[Saved data entries]
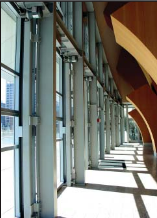
Walt Disney Concert Hall, Los Angeles, CA Architect: Frank Gehry
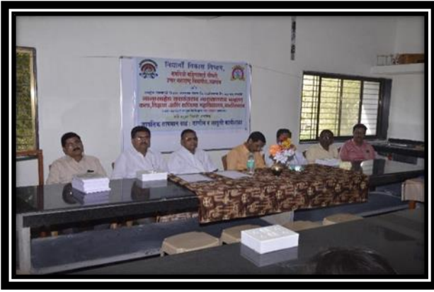
Members on Dias
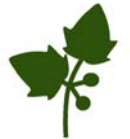
Table 1. Department of Native Hawaiian Health Cultural Competency Initiatives Cont.
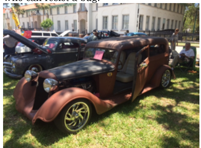
Doesn't get any better than this!
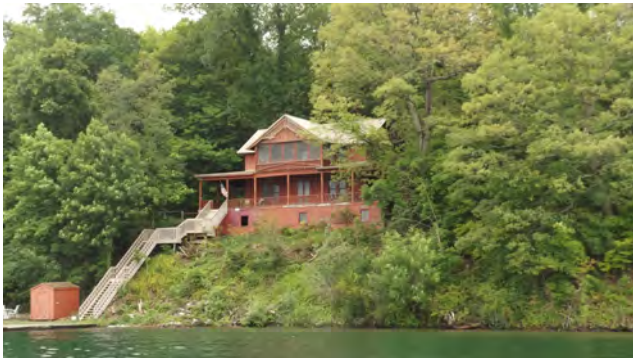
4645 CR 16 Photo 2: (2022-11-29T21:39:53.791Z)
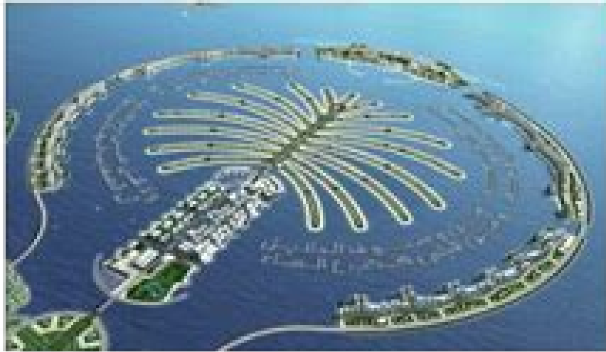
Palm Islands are artificial islands in Dubai

Land reclamation is the process of restoring land that has been mined or converting bodies of water to land.
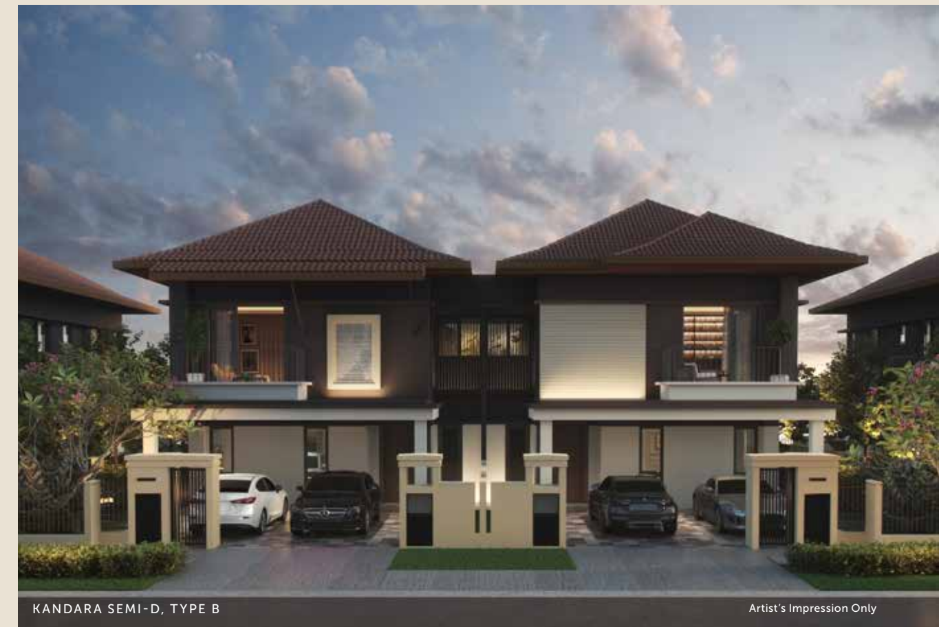
KANDARA SEMI-D, TYPE B

WE SEARCH FOR NEW EXPERIENCES, LOVE AND COMPANIONSHIP. YET IT IS ALWAYS THE WARMTH OF HOME THAT WE SEEK
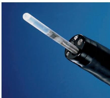
Fig. 2 High frequency transducer through working channel of an endoscope.

EUS-FNA. Once a suspicious lymph node or liver lesion is identified on EUS, EUS-FNA can be performed in order to confirm the presence of metastasis. EUS-FNA is performed with a linear echoendoscope. Doppler ultrasound can be used to ensure that there are no interposed vessels. The FNA needle system, consisting of a 19, 22- or 25-gauge needle, is inserted through the working channel of the endoscope and advanced through the gut wall into the suspicious lesion under endosonographic guidance
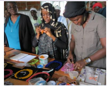
The Project for Construction of Durumi Vocational Training Centre in Bwari Area Council in the Federal Capital Territory (2015)

▶ **GOAL OF THE EXERCISE**: Transcribe each line above exactly, pictures excluded.

▶ **EXERCISE OUTPUT**:
Walt Disney Concert Hall, Los Angeles, CA Architect: Frank Gehry
Members on Dias
Table 1. Department of Native Hawaiian Health Cultural Competency Initiatives Cont.
Doesn't get any better than this!
4645 CR 16 Photo 2: (2022-11-29T21:39:53.791Z)
Palm Islands are artificial islands in Dubai

Land reclamation is the process of restoring land that has been mined or converting bodies of water to land.
KANDARA SEMI-D, TYPE B

WE SEARCH FOR NEW EXPERIENCES, LOVE AND COMPANIONSHIP. YET IT IS ALWAYS THE WARMTH OF HOME THAT WE SEEK
Fig. 2 High frequency transducer through working channel of an endoscope.

EUS-FNA. Once a suspicious lymph node or liver lesion is identified on EUS, EUS-FNA can be performed in order to confirm the presence of metastasis. EUS-FNA is performed with a linear echoendoscope. Doppler ultrasound can be used to ensure that there are no interposed vessels. The FNA needle system, consisting of a 19, 22- or 25-gauge needle, is inserted through the working channel of the endoscope and advanced through the gut wall into the suspicious lesion under endosonographic guidance
The Project for Construction of Durumi Vocational Training Centre in Bwari Area Council in the Federal Capital Territory (2015)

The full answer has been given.